UNIQUE SERVICE MODEL
Acadian receives nearly 1,000 calls a day for medical or trauma emergencies and also responds to daily pre-scheduled transports. Headquartered in Lafayette, La., Acadian serves 38 parishes or counties in Texas, Mississippi, Louisiana and the Gulf of Mexico. Approximately 2,300 full-time and part-time EMTs and paramedics work on a fleet of 255 ground ambulances, 30 van/bus transport vehicles or serve on one of the company’s eight aeromedical helicopters or fixed-wing aircraft.

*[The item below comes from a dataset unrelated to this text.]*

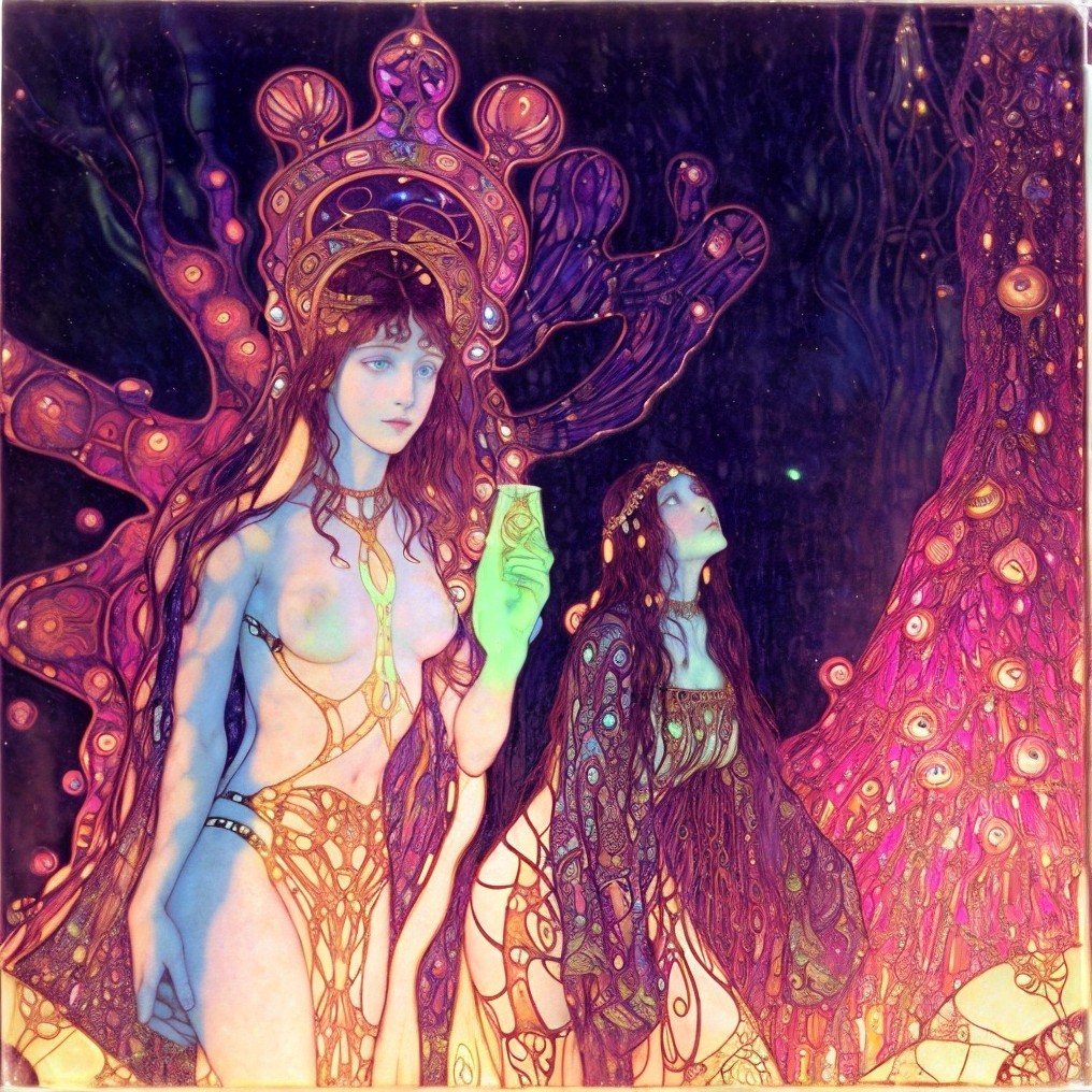 Two ethereal women with ornate headdresses in a vivid, fantastical setting, exuding a mystical atmosphere with glowing elements and starry backdrop.

Established in 1993, the employee stock ownership plan (ESOP) enables Acadian’s working family to share in the wealth they help to create. According to Acadian’s leadership team, the ESOP program maximizes human potential by enhancing the self-worth, dignity and well-being of their employees. Employees are motivated to seek ways to save the company money and to work with all the best efficiency models put into place. Clearly, for the providers, the creation of their own ePCR project maintains that objective.
Disclosure: The author has reported no conflicts of interest with the sponsors of this supplement.